I see you wrote elsewhere: "Right now, my 2.0 bellows sensor has a problem where it doesn't register a change in bellows direction quickly enough, causing extra false notes when I hit a button while changing direction. "

 

I assume (correct me if I'm wrong!) that's because:

1. You're calculating bellows "pressure" as proportional to the displacement, X

2. You've got a spring restores the bellows with a force that's proportional to X

3. That means you can only start a note when reversing the bellows direction by actually moving the bellows a few cm - changing the sign of X.

 

I can see that allowing some actual movement is desirable, but I think the mapping above will not feel right either, because in reality you don't actually need to move the bellows to start a note - you just need to apply pressure.

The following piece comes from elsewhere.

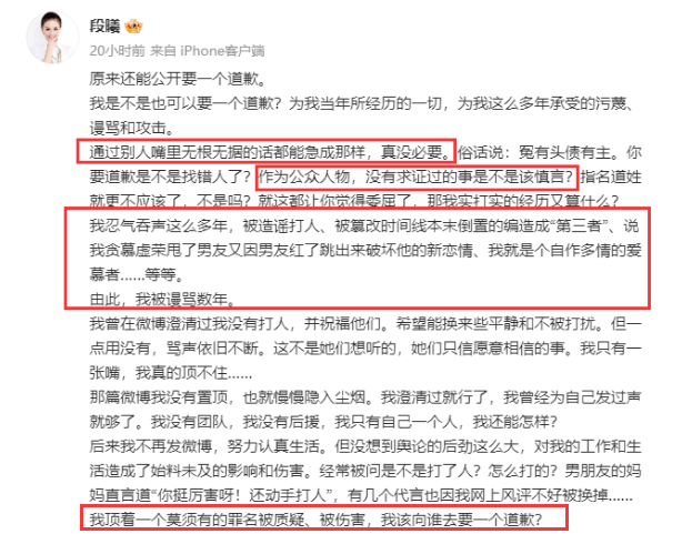 可万万没想到的是,昨天晚上,张杰前女友段曦竟然本人发声了,且她显然是站在薛之谦这边的。 她先是指责谢娜随便听了李雨桐的几句话就急了: “通过别人嘴里无根无据的话都能急成那样,真没必要。” “作为公众人物,没有求证过的事是不是该慎言?” 另外,她对于谢娜和薛之谦要道歉很不满。 段曦说自己因为张杰和谢娜被骂了那么多年,受了无数委屈,“我该向谁去要一个道歉?”
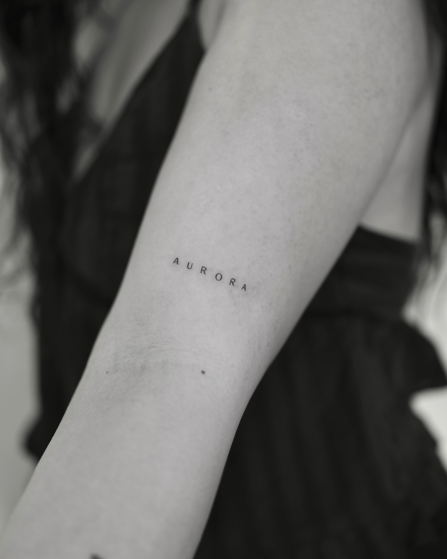 This tiny “AURORA” word tattoo uses spaced lettering that gives the name a soft, balanced look on the arm.

In a real concertina, movement of the bellows is a secondary effect - force is the thing which is primarily manipulated.

 

As a small tweak, you could try including the velocity as well - so your "pressure" is

 

P = a * (X + b * dX/dt) = a * (X + b * V)

 

You've already got a value for a - you might want to try a value of b something like 0.1. This is using the velocity to "predict" the displacement at time b in the future.

 

If b is zero, you'll have what you've got at the moment.

 

As you increase b, then notes will start to "reverse" earlier, and the instrument should start to feel more responsive.

 

If b is too big, then you'll be over-predicting, and it will get twitchy!

 

I'd be interested to hear if this works (should be easy to try!)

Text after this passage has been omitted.